♻️Ensure parent project/node is well structured in the DB 🗃️

What do these changes do?

This is the first part toward structuring node parenting.

Context

In Sim4life.io currently the API client PATCHES the created computational jobs with some free form JSON metadata. Among these is a node_id field which contains the parent Node (e.g. the node where s4l is running). The DV-2 uses that information to define the parent project/node by looking for the presence of that field. This is currently not defined anywhere and could break very easily.

Goal

Bring structure to this parenting, and allow other products to use this as easy as possible.

Idea

The oSparc API client shall automagically find out when it is running from an oSparc node by checking for some pre-defined ENV variables.
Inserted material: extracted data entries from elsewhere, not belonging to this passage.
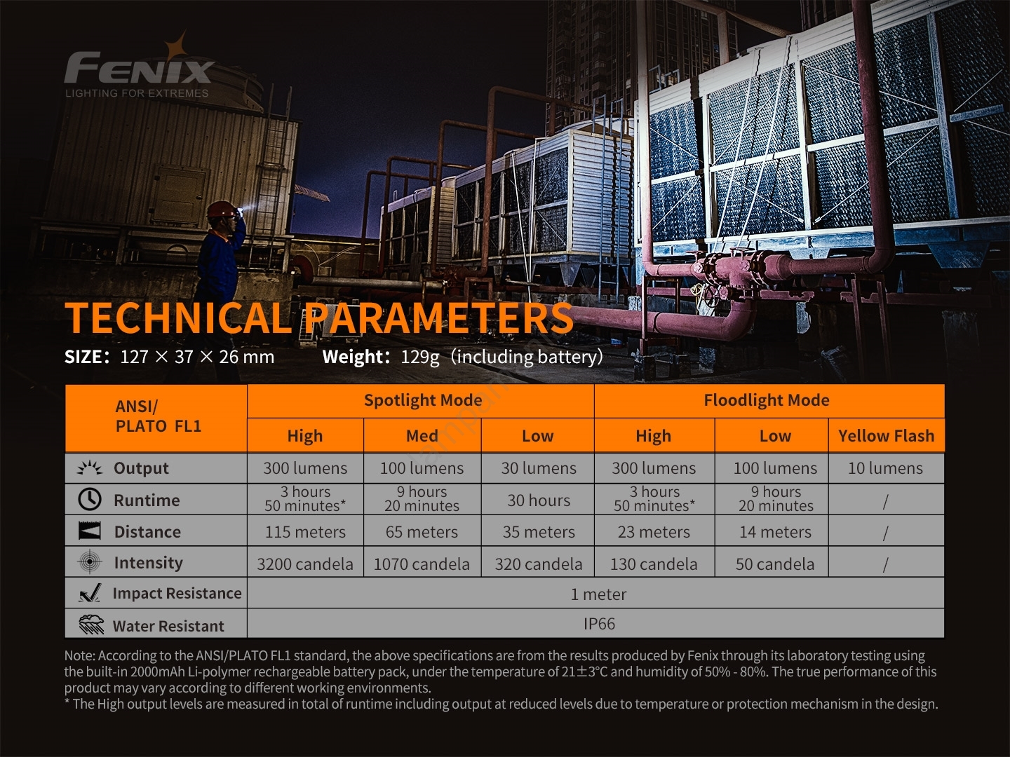 • A lanterna é resistente a quedas de até 1 metro, à prova de poeira e à prova d'água (imersão de 2 m).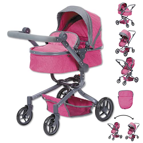 Passeggino per bambole combinato "Boonk" di Knorr Toys, moderno e pratico con tettuccio regolabile.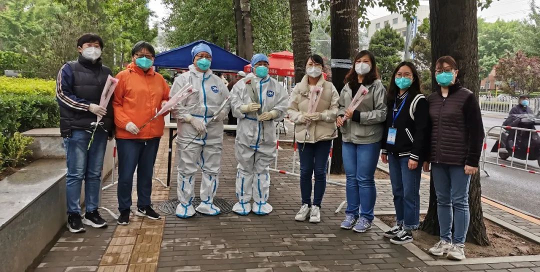 链家地产的工作人员为影协点位医护人员和党员志愿者送来了鲜花并表示慰问。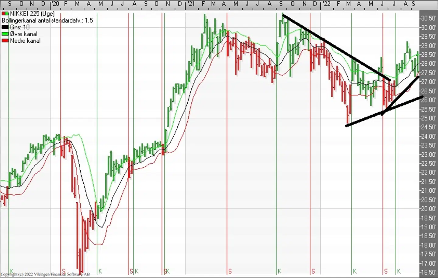 Det japanske indeks går enegang og holder fast den stigende tendens. På dagsniveauet er der dog etableret salgssignal i Bollingerkanalen og de glidende gennemsnit har etableret et Death Cross i begyndelsen af september.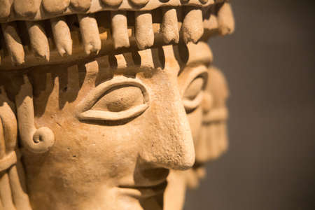 Leiden, The Netherlands - JAN 04, 2020: closeup of statue of the head of a woman made from terracotta from ancient Cyprus. From 625-600 BC, Agios Georgios Rigatos.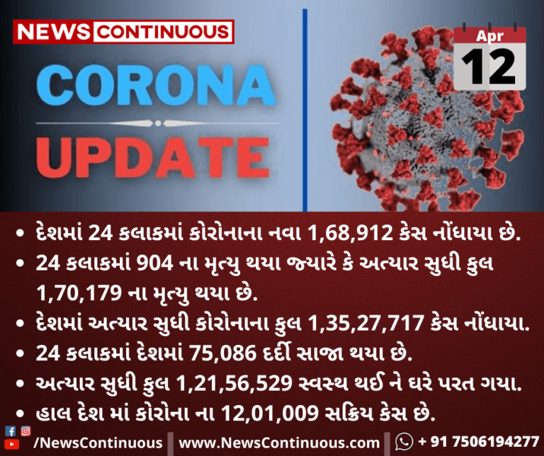 દેશમાં 24 કલાકમાં કોરોનાના નવા 1,68,912 કેસ નોંધાયા છે.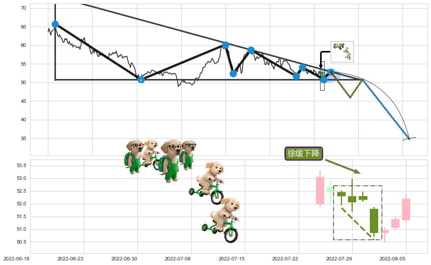 ➣ 收盘价(2022-08-05: 52.20 )→回踩→第一根k线低点(2022-08-01: 52.10 )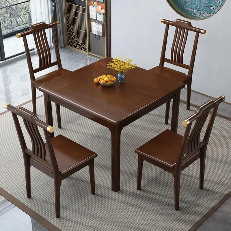 Modern Chinese Style Rectangular Dining Table Set for Small Spaces - Minimalist Solid Wood Dining Table and Chairs Combo for Home and Restaurants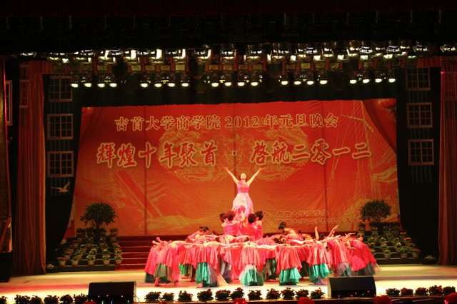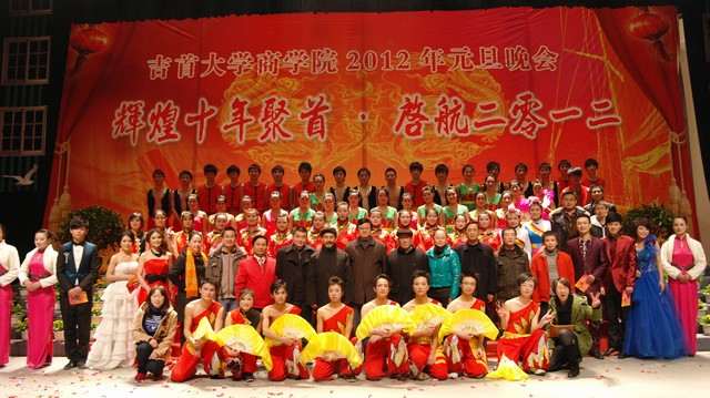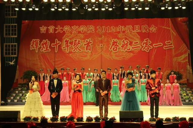 晚会由“龙腾虎跃闹新春,欢天喜地新十年”、“回顾历史,讴歌成就”、“美好蓝图,现在描绘”、“愿乘长风,破万里浪”四个篇章组成。喜庆的舞蹈《欢庆佳节》;具有浓厚革命气息的〈〈红旗颂〉〉、〈〈革命歌曲串烧〉〉;以商学院的发展历程为内容的诗歌朗诵〈〈岁月如歌——十年我们在一起〉〉;环保T台秀〈〈低碳生活,低碳婚礼〉〉;别具特色的小品〈〈寝室一家亲〉〉和相声〈〈我的大学生活〉〉;商务礼仪表演〈〈聂总的胖胖公司〉〉等形式多样的节目为观众创造了一个又一个的京戏,使得现场掌声不断。特别是我院离退办李泽南老师带来的《革命人永远是年轻》更是将整场气氛推向高潮。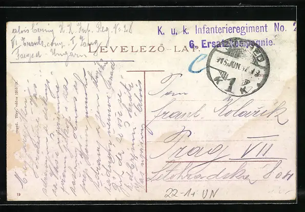 Personenbezogene Daten auf der Rückseite der Karte wurden durch blauen Textmarker unkenntlich gemacht. Die blauen Stellen sind auf die Vorderseite durchgeweicht und wirken sich negativ auf das Postkartenfoto aus

For other free form API client, the usage relies on the respective authors responsibility (e.g. sim4life).

Constraint

Keep backward compatibility

Changes

Project creation POST /projects now accept a couple of headers:
- X-Simcore-Parent-Project-Uuid which optionally contains the parent project UUID
- X-Simcore-Parent-Node-Id which optionally contains the parent node ID
- if both are given then the parenting structure will be setup in the projects_metadata table and used as before
- if none are given or are both null then nothing happens
- if they are invalid an error will be returned (404 - NotFound)
- if only one of them is filled then an error will be returned (422 - Unprocessable)
to keep backward compatibility, that means the the project was created without parents,
and PATCH /projects/{uuid}/metadata is called with custom_metadata containing a _nodeid field:
- This will set the parenting in case the passed _nodeid is found,
- and that there is not already parenting set beforehand

The next steps will be re-arranging the DV-2 to directly get the information regarding parent project/node from the DB instead of extracting the information from the metadata, and taking care of the oSparc client (@bisgaard-itis )

Related issue/s

How to test

Dev-ops checklist

[x] No ENV changes or I properly updated ENV (read the instruction)

Codecov Report

Attention: Patch coverage is 94.42060% with 13 lines in your changes are missing coverage. Please review.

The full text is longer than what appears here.